- _About this exercise_: Without the pictures, output all of the data exactly.

- _Supplied material_:
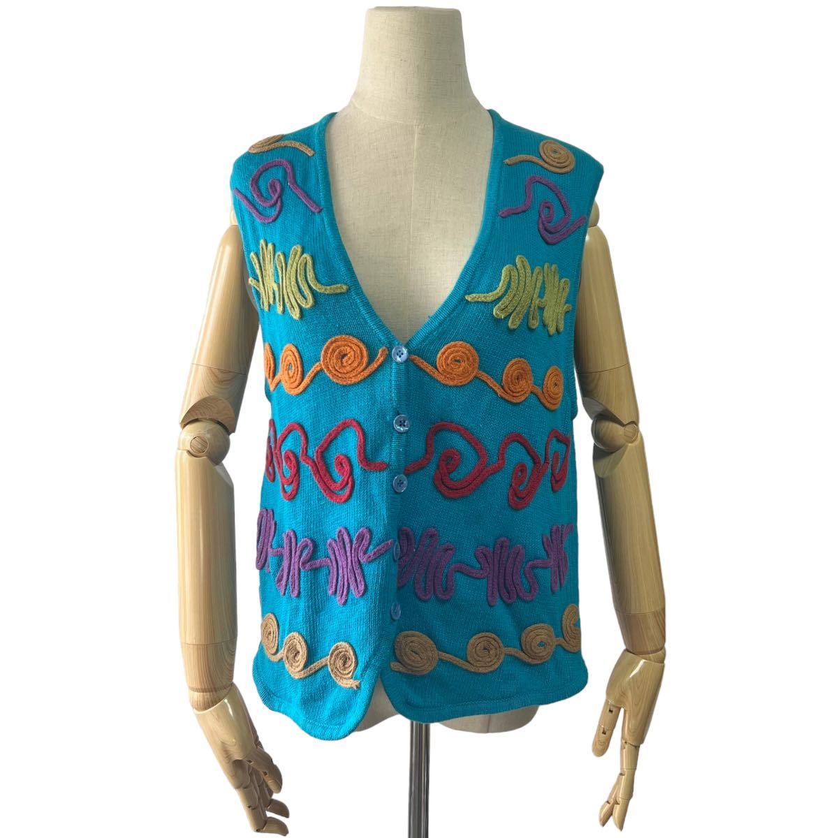 - 【1980s】ビンテージ デザイン刺繍 ニットベスト Vネック セーター 古着 アート ハンドメイド レア
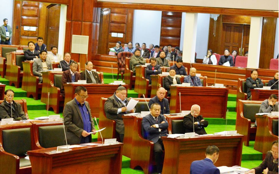 Nagaland Health Minister, Pangyu Phom updating on the status in Nagaland with regard to the Novel Coronavirus at the NLA on February 8. (DIPR Photo)
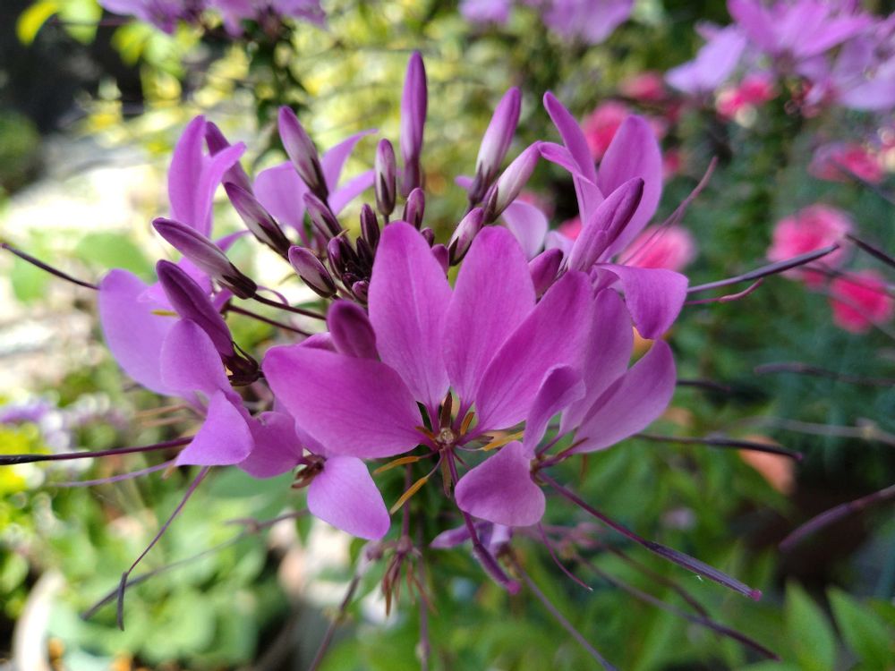 従来のクレオメとかなり違い 先ずは、臭み、とげ、べたつく葉っぱの問題がなくなりました。セニョリータロザリータはタネを作らない半耐寒性多年草である。との事

- _Response to this exercise_:
 - 【1980s】ビンテージ デザイン刺繍 ニットベスト Vネック セーター 古着 アート ハンドメイド レア
 Nagaland Health Minister, Pangyu Phom updating on the status in Nagaland with regard to the Novel Coronavirus at the NLA on February 8. (DIPR Photo)
 従来のクレオメとかなり違い 先ずは、臭み、とげ、べたつく葉っぱの問題がなくなりました。セニョリータロザリータはタネを作らない半耐寒性多年草である。との事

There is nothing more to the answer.